*** Block opens ***

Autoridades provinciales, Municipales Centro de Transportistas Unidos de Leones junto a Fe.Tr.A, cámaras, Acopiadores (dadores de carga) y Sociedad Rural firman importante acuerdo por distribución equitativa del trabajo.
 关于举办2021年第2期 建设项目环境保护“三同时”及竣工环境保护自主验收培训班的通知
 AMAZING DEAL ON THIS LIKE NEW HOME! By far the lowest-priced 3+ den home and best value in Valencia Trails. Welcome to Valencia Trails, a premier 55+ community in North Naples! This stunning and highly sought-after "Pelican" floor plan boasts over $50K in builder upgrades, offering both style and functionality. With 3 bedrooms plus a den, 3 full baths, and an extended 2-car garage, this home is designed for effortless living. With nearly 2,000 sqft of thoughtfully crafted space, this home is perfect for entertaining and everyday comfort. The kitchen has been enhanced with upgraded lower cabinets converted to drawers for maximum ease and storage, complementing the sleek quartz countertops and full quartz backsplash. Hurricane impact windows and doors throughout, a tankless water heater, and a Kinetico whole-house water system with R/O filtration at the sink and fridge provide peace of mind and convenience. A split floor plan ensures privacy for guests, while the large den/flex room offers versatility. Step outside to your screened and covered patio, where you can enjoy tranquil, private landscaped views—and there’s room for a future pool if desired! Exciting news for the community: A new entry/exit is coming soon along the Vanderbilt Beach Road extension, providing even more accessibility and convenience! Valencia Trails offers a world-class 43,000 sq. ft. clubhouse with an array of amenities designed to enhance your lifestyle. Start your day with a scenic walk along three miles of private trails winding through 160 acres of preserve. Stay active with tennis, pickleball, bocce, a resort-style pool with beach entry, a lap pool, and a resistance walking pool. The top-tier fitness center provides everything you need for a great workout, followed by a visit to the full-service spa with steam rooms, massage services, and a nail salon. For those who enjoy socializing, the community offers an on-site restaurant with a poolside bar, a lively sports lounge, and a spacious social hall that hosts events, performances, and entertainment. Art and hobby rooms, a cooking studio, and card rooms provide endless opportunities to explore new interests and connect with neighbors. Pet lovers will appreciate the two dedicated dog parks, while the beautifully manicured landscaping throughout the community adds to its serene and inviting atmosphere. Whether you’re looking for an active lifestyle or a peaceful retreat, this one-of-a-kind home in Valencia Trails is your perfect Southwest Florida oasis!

*** Block closes ***
*** Block opens ***

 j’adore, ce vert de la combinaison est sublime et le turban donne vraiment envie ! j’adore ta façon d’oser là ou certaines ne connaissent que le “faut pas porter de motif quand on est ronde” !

*** Block closes ***

• What you are asked to do:
Copy verbatim, from the listing above, each line from the one containing "Autoridades provinciales, Municipales" down to the one containing "关于举办2021年第2期 建", inclusive.

• Solution:
Autoridades provinciales, Municipales Centro de Transportistas Unidos de Leones junto a Fe.Tr.A, cámaras, Acopiadores (dadores de carga) y Sociedad Rural firman importante acuerdo por distribución equitativa del trabajo.
 关于举办2021年第2期 建设项目环境保护“三同时”及竣工环境保护自主验收培训班的通知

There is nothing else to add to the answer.